Sotho tonology

  • All examples marked with are included in the audio samples. If a table caption is marked then all Sesotho examples in that table are included in the audio samples.
  • The orthography used in this and related articles is that of South Africa, not Lesotho. For a discussion of the differences between the two see the notes on Sesotho orthography.
  • Hovering the mouse cursor over most italic Sesotho text should reveal an IPA pronunciation key (excluding tones). Note that often when a section discusses formatives, affixes, or vowels it may be necessary to view the IPA to see the proper conjunctive word division and vowel qualities.
  • Some systems without the necessary monospace fonts may render the diagrams used to illustrate the tonal rules incorrectly.

Like almost all other Niger–Congo languages, Sesotho is a tonal language, spoken with two basic tones, high (H) and low (L). The Sesotho grammatical tone system (unlike the lexical tone system used in Mandarin, for example) is rather complex and uses a large number of "sandhi" rules.

However, the Sesotho system is by no means the most complicated, nor even one of the more complicated. For example, there exist African grammatical tone languages with much more than just two tonemes, and the existence of breathy voiced consonants in the Nguni and other languages greatly complicates their tonology. (In Sesotho there is absolutely no interaction whatsoever between the tonemes and phones of the syllables.) There are also very few instances of "floating" tones, and fewer grammatical constructs indicated purely by a change in tone. (The most common instances of this are rule 1 of the plain copulative and the formation of many positive participial sub-mood clauses.) The rules are generally not very dramatic either, and there is generally a very strong tendency to preserve underlying high tones. (For example, in the Nguni languages the underlying high tone of verb stems, subjectival concords, the noun pre-prefix, and/or objectival concords often shifts several syllables to the right, to the antepenultimate or penultimate syllable.)

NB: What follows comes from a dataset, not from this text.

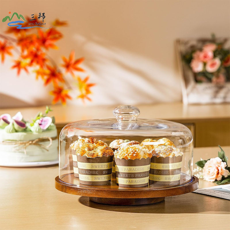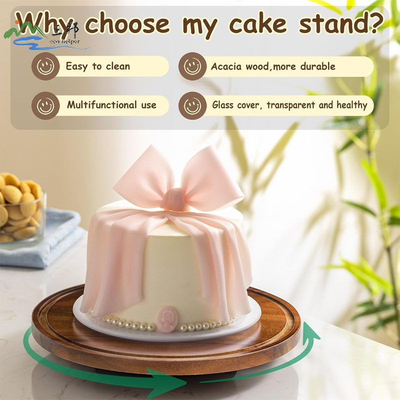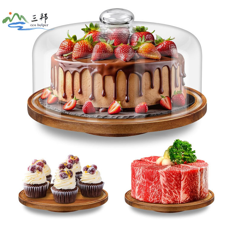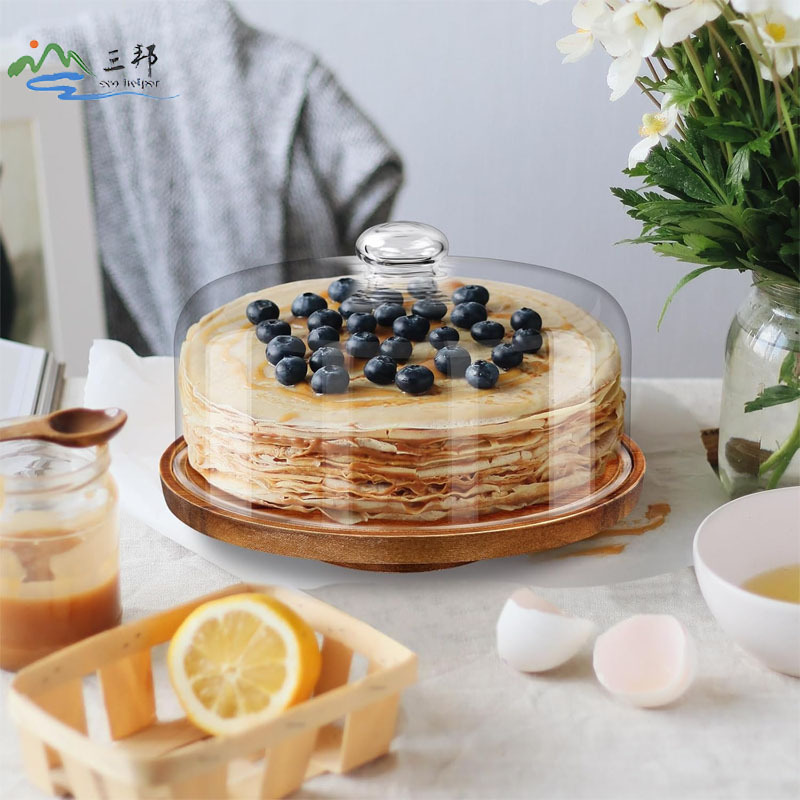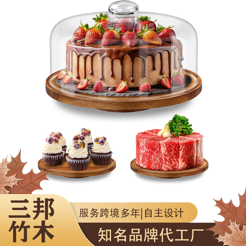 나무 케이크 트레이 단단한 나무 회전식 케이크 베이스 스탠드 유리 커버 디저트 디스플레이 트레이 국경 간 인기 판매

The tone of a syllable is carried by the vowel, or the nasal, if the nasal is syllabic.[1] The tone carried by syllabic l (and, in Northern Sotho and Setswana, syllabic r) is left over from the elided vowel.

Tone types[edit]

Underlyingly, each syllable of every morpheme may be described as having one of two tone types:[2] high (H [ ¯ ]) and null (ø). On the surface, all remaining null tones default to low (the LTA rule below) and the language is therefore spoken with two contrasting tonemes (H and L).

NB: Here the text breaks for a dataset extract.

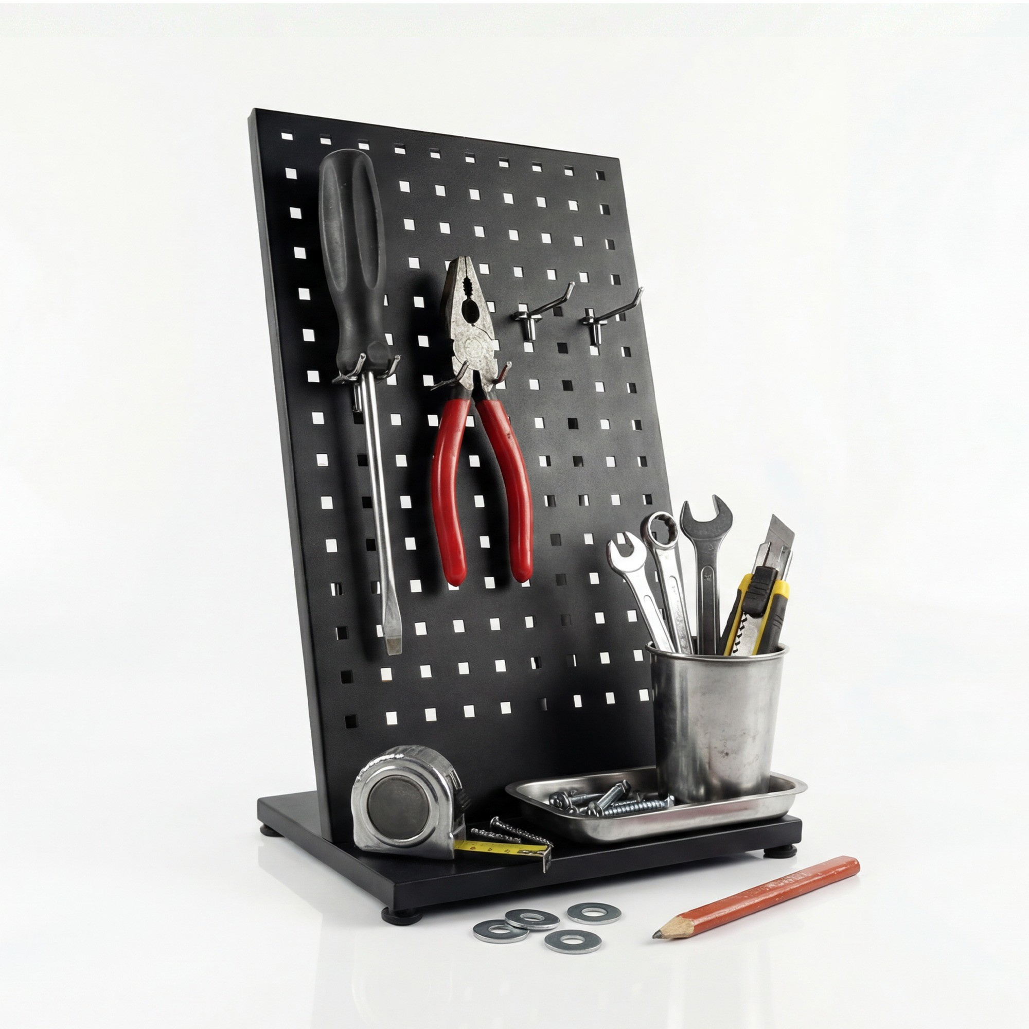 Zapomeňte na složité montáže a vrtání do zdi. Naše perforovaná tabule je navržena tak, aby stála samostatně, což vám dává naprostou svobodu při jejím umístění. Můžete ji postavit na pracovní stůl, lavici, nebo dokonce i do skříně. A pokud potřebujete změnit uspořádání dílny, jednoduše ji přenesete na jiné místo. Díky nízké hmotnosti je to hračka!

A classic example of a nasal carrying a tone:

To form a locative from a noun, one of the possible procedures involves simply suffixing a low tone -ng to the noun. To form the locative meaning "on the grass" one suffixes -ng to the word jwang [ _ ¯ ], giving jwanng [ _ ¯ _ ] ([ʒʷɑŋ̩ŋ̩]), with the two last syllabic nasals having contrasting tones.

Names, being nouns, frequently have a tonal pattern distinct from the noun:

The Sesotho word for "mother/missus/ma'am" is mme [ _ ¯ ], but a child would call their own mother mme [ ¯ _ ], using it as a first name. Also, ntate [ _ _ ¯ ] means father/mister/sir, while ntate [ _ ¯ ¯ ] might be used by a small child to say "dad."

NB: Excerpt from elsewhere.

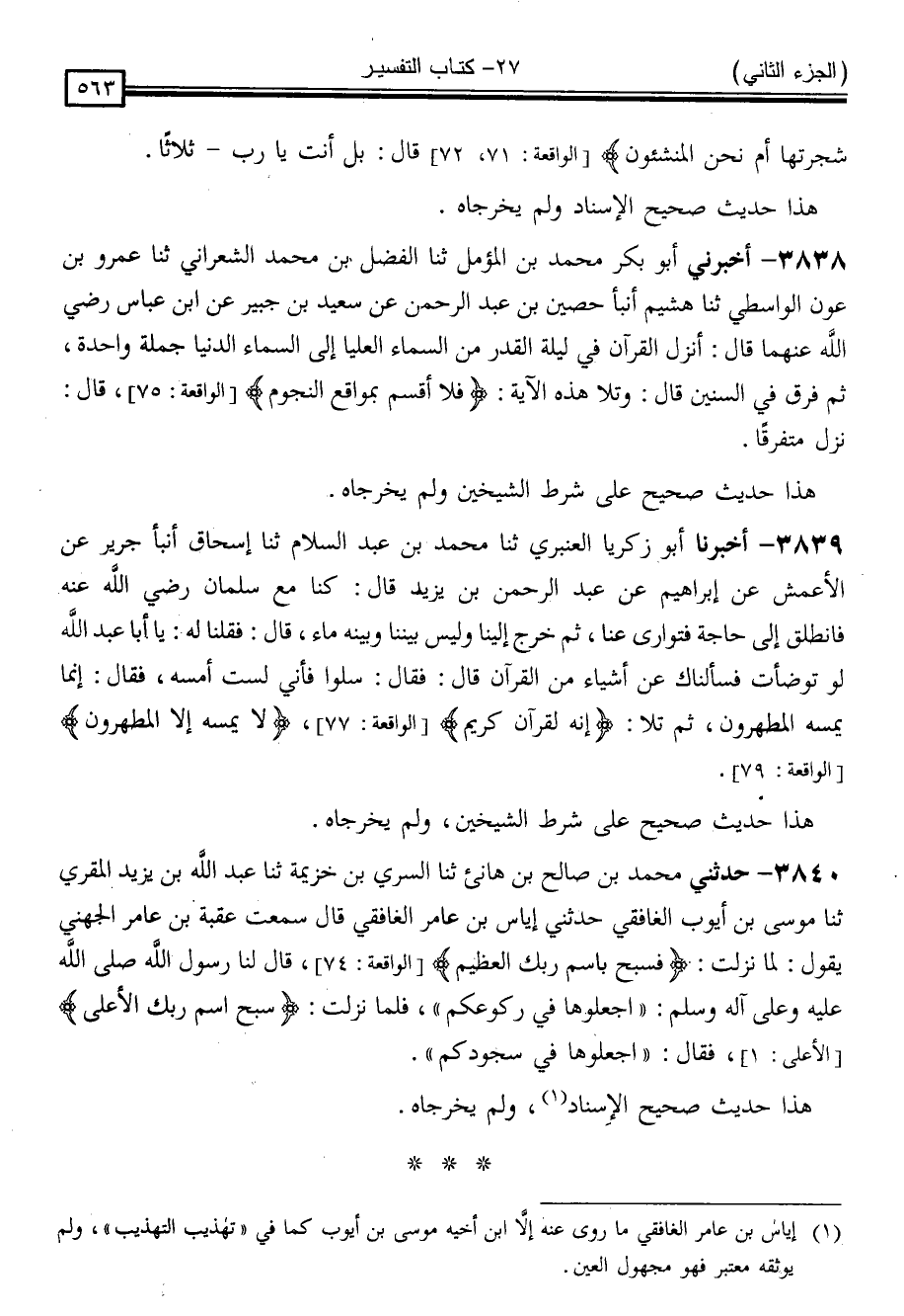 3838 - أَخْبَرَنِي أَبُو بَكْرٍ مُحَمَّدُ بْنُ الْمُؤَمَّلِ ، ثنا الْفَضْلُ بْنُ مُحَمَّدٍ الشَّعْرَانِيُّ ، ثنا عَمْرُو بْنُ عَوْنٍ الْوَاسِطِيُّ ، ثنا هُشَيْمٌ ، أَنْبَأَ حُصَيْنُ بْنُ عَبْدِ الرَّحْمَنِ ، عَنْ سَعِيدِ بْنِ جُبَيْرٍ ، عَنِ ابْنِ عَبَّاسٍ رَضِيَ اللَّهُ عَنْهُمَا ، قَالَ: " أُنْزِلَ الْقُرْآنُ فِي لَيْلَةِ الْقَدْرِ مِنَ السَّمَاءِ الْعُلْيَا إِلَى السَّمَاءِ الدُّنْيَا جُمْلَةً وَاحِدَةً ، ثُمَّ فُرِقَ فِي السِّنِينَ قَالَ: وَتَلَا هَذِهِ الْآيَةَ { فَلَا أُقْسِمُ بِمَوَاقِعِ النُّجُومِ } [الواقعة: 75] قَالَ: " نَزَلَ مُتَفَرِّقًا "

In speech, the two surface tonemes may be pronounced as one of several allotones due to the influence of surrounding tones and the length of the syllable. These changes naturally occur due to the way the language is spoken, including the effect of the penultimate lengthening, but ultimately each syllable of every morpheme may be completely described as having only high and low tones.[3]

In this and related articles, the tonemes of a word are delimited with square brackets and the specific (approximate) spoken allotones are between curly braces.

lepata euphemism; tonemes: [ _ ¯ _ ] (L — H — L), allotones: { _ _ } (low — high-falling — low)
Tonemes and allotones
Toneme Allotone Where found Example
H [ ¯ ] extra-high { ¯ } After another H, not penult moririnyana small hair { _ ¯ ¯ _ }
high { ¯ } In the bodies of words ho lekola to investigate { _ ¯ _ }
mid {} Finally in a phrase Mopedi Mopedi person { _ }
high-falling { } Penultimate syllable of phrase before L mmuo dialect { _ _ }
high-mid { } Penult before H mosadi woman { _ }
L [ _ ] extra-low { _ } Finally after another L temo agriculture { _ }
low { _ } Noun class prefixes, in the bodies of words,
and finally after H
ho seba to perform mischief { _ _ }
low-falling { } Penultimate tweba mouse { _ }

Thus in all there are, at least in our analysis, eight allotones[4] { ¯ ¯ – _ _ }.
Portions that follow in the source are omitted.